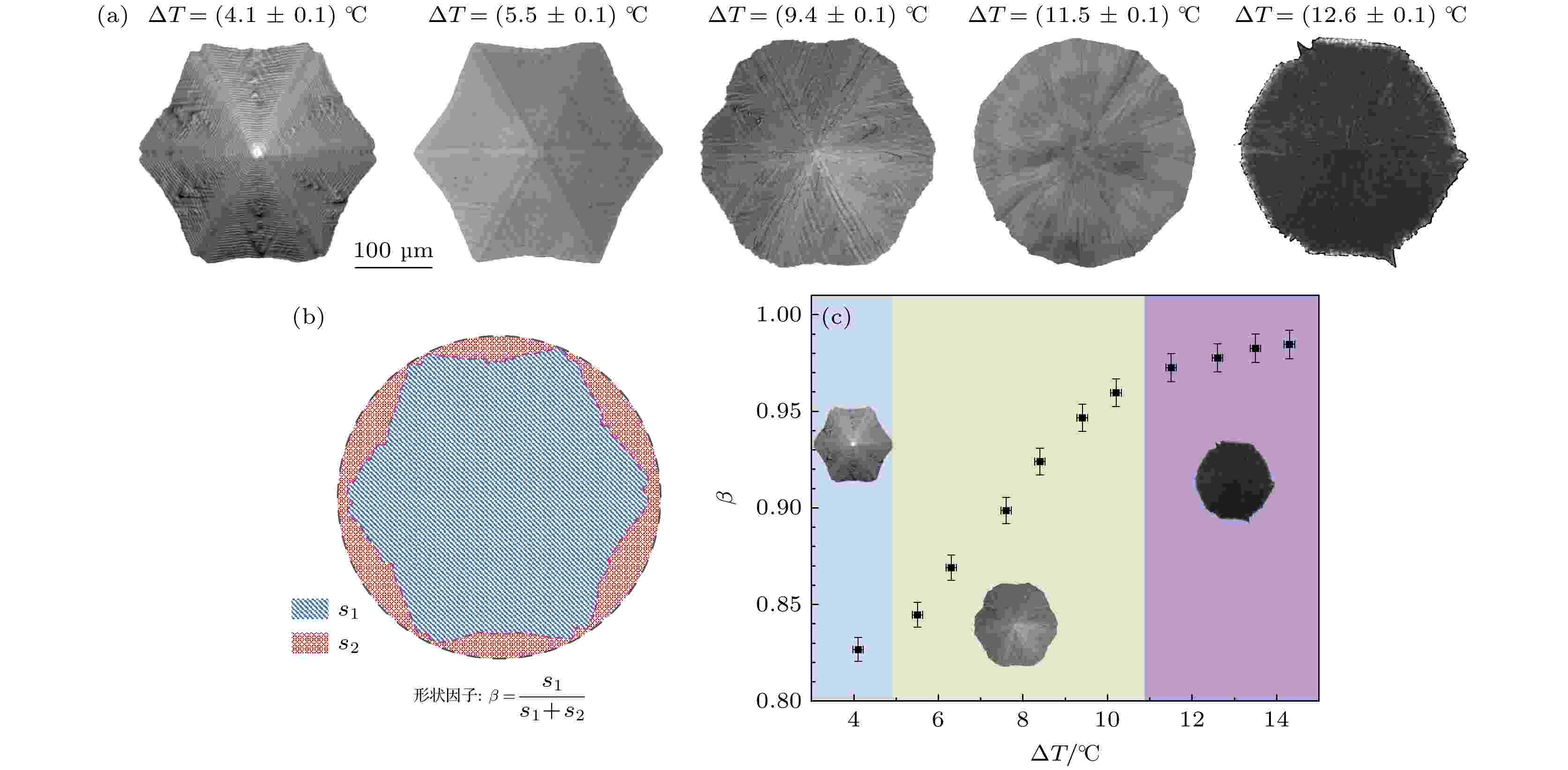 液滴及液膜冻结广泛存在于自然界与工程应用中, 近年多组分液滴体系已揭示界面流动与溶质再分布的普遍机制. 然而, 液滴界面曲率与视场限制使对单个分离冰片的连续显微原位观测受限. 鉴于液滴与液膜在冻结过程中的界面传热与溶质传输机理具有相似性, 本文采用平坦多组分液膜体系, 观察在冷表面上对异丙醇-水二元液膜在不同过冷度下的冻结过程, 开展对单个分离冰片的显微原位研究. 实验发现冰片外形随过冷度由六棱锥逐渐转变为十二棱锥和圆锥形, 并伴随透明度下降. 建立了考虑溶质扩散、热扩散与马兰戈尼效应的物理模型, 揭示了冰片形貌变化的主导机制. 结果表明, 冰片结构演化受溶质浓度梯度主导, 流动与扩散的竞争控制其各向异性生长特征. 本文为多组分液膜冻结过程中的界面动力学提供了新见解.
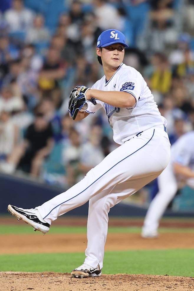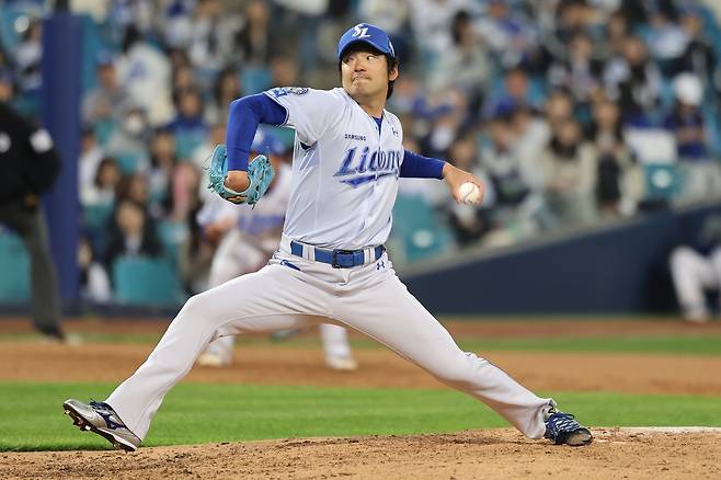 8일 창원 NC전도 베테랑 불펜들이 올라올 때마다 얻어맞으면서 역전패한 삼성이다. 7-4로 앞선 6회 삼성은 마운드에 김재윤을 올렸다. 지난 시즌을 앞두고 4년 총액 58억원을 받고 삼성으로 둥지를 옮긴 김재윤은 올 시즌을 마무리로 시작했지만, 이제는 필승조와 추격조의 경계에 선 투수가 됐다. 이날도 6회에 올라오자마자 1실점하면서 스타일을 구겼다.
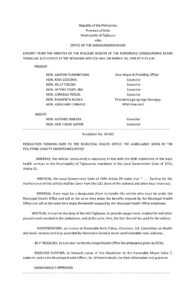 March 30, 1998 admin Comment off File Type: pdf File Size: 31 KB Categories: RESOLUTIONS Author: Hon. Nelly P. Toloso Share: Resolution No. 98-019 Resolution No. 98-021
+++
**WHAT THE EXERCISE ASKS:**
Output only the lines from the line that contains "8일 창원 NC전도 베테랑" through the end of the material, both ends included, and skip every picture.

**RESPONSE TO THE TASK:**
 8일 창원 NC전도 베테랑 불펜들이 올라올 때마다 얻어맞으면서 역전패한 삼성이다. 7-4로 앞선 6회 삼성은 마운드에 김재윤을 올렸다. 지난 시즌을 앞두고 4년 총액 58억원을 받고 삼성으로 둥지를 옮긴 김재윤은 올 시즌을 마무리로 시작했지만, 이제는 필승조와 추격조의 경계에 선 투수가 됐다. 이날도 6회에 올라오자마자 1실점하면서 스타일을 구겼다.
 March 30, 1998 admin Comment off File Type: pdf File Size: 31 KB Categories: RESOLUTIONS Author: Hon. Nelly P. Toloso Share: Resolution No. 98-019 Resolution No. 98-021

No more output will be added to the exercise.